Every name tells a story: Tell us about your name--any name: first, middle, last, nickname--and its origin.
I sauntered under the rotting wooden arch, careful not to hit the throng of dwarf-like minions that ran and clung to my side.
"SEPHORA, Natasha said she would show me her booger but it was just mud and water and I just don't think that's fair and she's being really mean and I need help."
"SEPHORA, Taytym said that she didn't like my dress."
"SEPHORA, Vindya pushed me and whipped me with her towel."
After my daily run, Camp Ajawah's youngest members always greeted me with their usual, sometimes ludicrous dilemmas. It often surprised me how easily they had accepted my new name, my new identity as their counselor. Just two years ago, I had been among their ranks, sleeping in their military-esque tents and allowing myself to be shaped by my then-counselors' seemingly infinite wisdom. At that time, they called me "Audrey" or "Hepburn" for my namesake. Now, the titles had seemingly slipped from their vocabularies.
Very rarely are we given a chance to rename ourselves, to redefine personas. I spent two years trying to choose my counselor name and sifted through thousands of possibilities. I wanted a name that would exude my identity, something that conveyed meaning beyond a couple of letters and syllables. I sometimes wanted to be Coda for my love of music or Rajah for my passion for all things Disney. Still, I struggled to find a name that would account for all of my complexities and desires, for all that I wanted new campers and peers to perceive about me.

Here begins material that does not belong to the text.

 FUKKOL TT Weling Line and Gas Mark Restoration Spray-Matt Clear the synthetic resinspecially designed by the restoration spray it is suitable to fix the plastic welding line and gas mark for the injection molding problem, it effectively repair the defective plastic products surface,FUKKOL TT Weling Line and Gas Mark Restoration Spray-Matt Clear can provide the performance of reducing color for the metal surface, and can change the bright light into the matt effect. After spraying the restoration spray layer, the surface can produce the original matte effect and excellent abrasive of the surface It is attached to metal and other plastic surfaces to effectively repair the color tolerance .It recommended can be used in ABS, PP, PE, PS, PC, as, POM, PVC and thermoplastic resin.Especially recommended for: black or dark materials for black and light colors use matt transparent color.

Walking around the Mall of America on the typical twenty-degrees-below-zero Minnesota day, I stumbled upon my chosen name unexpectedly. Yet, like a line in an archetypal karate movie, it was destiny. "Sephora" was superficial, overused, and nothing like what I had imagined. However, it was perfect. After deeper study, I realized Sephora was not merely the brand name of a Parisian make-up franchise. It was the name of Moses' wife, a woman who abandoned social regulations to follow her religion and passions. In Hebrew, it even signified "bird", someone who travels and overcomes. While it did not convey everything, it displayed pieces of my character and became me.
After living as Sephora for two summers, I now know that it is not the name that shapes us, but we who shape the name. "Sephora" was not perfect, but it was mystical and strong and reminded me of where I was and my roots. In my mind, I came to associate it with my religion and experiences. My peers, on the other hand, simply came to associate it with the girl dressed in a cow suit, laughing and enjoying the numbered days at her home. That, too, was okay with me.